Are you about to draft a contract? Here are 7 paragraphs you should include


Lola Berbatovci
Person som skriver under ett avtal.
Make sure your agreements are airtight.

Drafting contracts is an important part of everyday life as a business owner and entrepreneur. Regardless of the type of contract, it’s important you secure your business, avoiding potential disputes. Although contracts tend to look different depending on the purpose, there are some paragraphs that are always good to include. We list the 7 most important ones below.

1. Clearly identify the parties

The most important thing in any contract is to correctly identify the parties involved. So make sure you state all names, addresses, telephone numbers and other relevant contact details. It should be clear without risk of being misinterpreted in any way.

2. Describe the purpose of the contract

Clarify the purpose of the agreement in a way that is clear to all parties. List and accurately describe all the services and/or products you will deliver. Also, describe the expectations the parties have of each other and what the conditions are? Be overly clear rather than allowing for different interpretations of the deliveries. This makes the contract the same for everyone and makes the collaboration easier to implement.

3. Terms of payment

Here, it’s important to both state what things cost and what will happen if the payment isn’t fulfilled on time. Specify how much is to be paid, when the payment is to be made and in what way. Also, specify how the customer will be charged in the event of a delay in payment. State the payment charges for delay and what the interest rate is on late payments.

4. Time frames and deadlines

Having clear time frames and deadlines is essential to ensure that all parties are in agreement. This includes dates for both partial and final delivery. Here, you can also specify the timeframes for any feedback and corrections. And if the customer should have a chance have changes made before delivery, you hve to state how many revisions the customer gets within the terms of the contract. By limiting the time for revisions, you can ensure that the collaboration stays effective.

5. Responsibilities and authorities

It’s important to clarify what you need to be able to deliver according to the contract. In many cases, the customer needs to supply certain information in order for the work to be carried out. And in some cases you’ll need authorization from the customer to be able to deliver. By clarifying what the responsibilities and authorities are for each party, you ensure that you’re not held liable if you don’t get what you need to deliver successfully.

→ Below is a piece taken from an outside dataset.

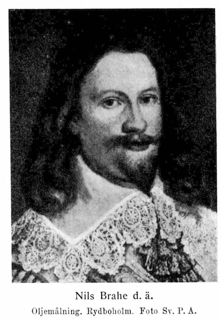 9. Nils Brahe d. ä., broder till B. 7 och 8, f. 14 okt. 1604 på Rydboholm, d 21 nov. 1632 i Naumburg i Tyskland. Greve till Visingsborg, friherre till Rydboholm och Lindholmen, herre till Sesswegen. K. page 31 aug. 1620; student vid universitetet i Leyden 11 dec. 1623−1624. Kammarjunkare 1625; fänrik vid von Thurns kompani av hovregementet före nov. s. å; deltog i Gustav Adolfs preussiska fälttåg 1626−27; kapten nov. 1626; överstelöjtnant 1627; av konungen slagen till riddare 23 dec. s. å; förordnad att anställa sammanräkning av det i hemlandet disponibla krigsfolket 21 jan. 1628; överste för Upplands fotfolk 17 mars s. å.; skickades med åtta kompanier av sitt regemente till Preussen våren s. å.; deltog i undsättningsexpeditionen till Stralsund från juli s. å.; återvände till Sverige hösten 1629; följde Gustav Adolf till Tyskland sommaren 1630; erhöll fullmakt att värva ett regemente fotfolk 11 okt. s. å.; överste för livregementet och chef för K. M:ts livgarde (vilka tillsammans bildade gula regementet eller brigaden) 1631; general av infanteriet 1632.

6. Confidentiality and intellectual property rights

If the collaboration and the contract mean that you’ll share confidential information, it’s important to include a confidentiality clause. And the contract should also state who owns the intellectual property rights if any. Usually, the customer owns the intellectual property rights for what is created. Sometimes however, the customer may need to purchase the rights meaning you need to state how this is done, what exactly the customer is buying and how much it costs.

7. You should never draft a contract without a force majeure clause

The force majeure clause usually appears in all contracts that are drawn up. It exempts you from liability if anything happens that is beyond your and the customer’s control. This applies, for example, to natural disasters, war and similar events that make it impossible to perform according to the contract.

Depending on the type of contract you’re writing, there may be other important paragraphs to include. So make sure to review the contract carefully so that you address and clarify all relevant issues before signing. It can be helpful to hire a lawyer to help you draft the contract. That ensures that you don’t end up in an unnecessary dispute that costs both money and a lot of time.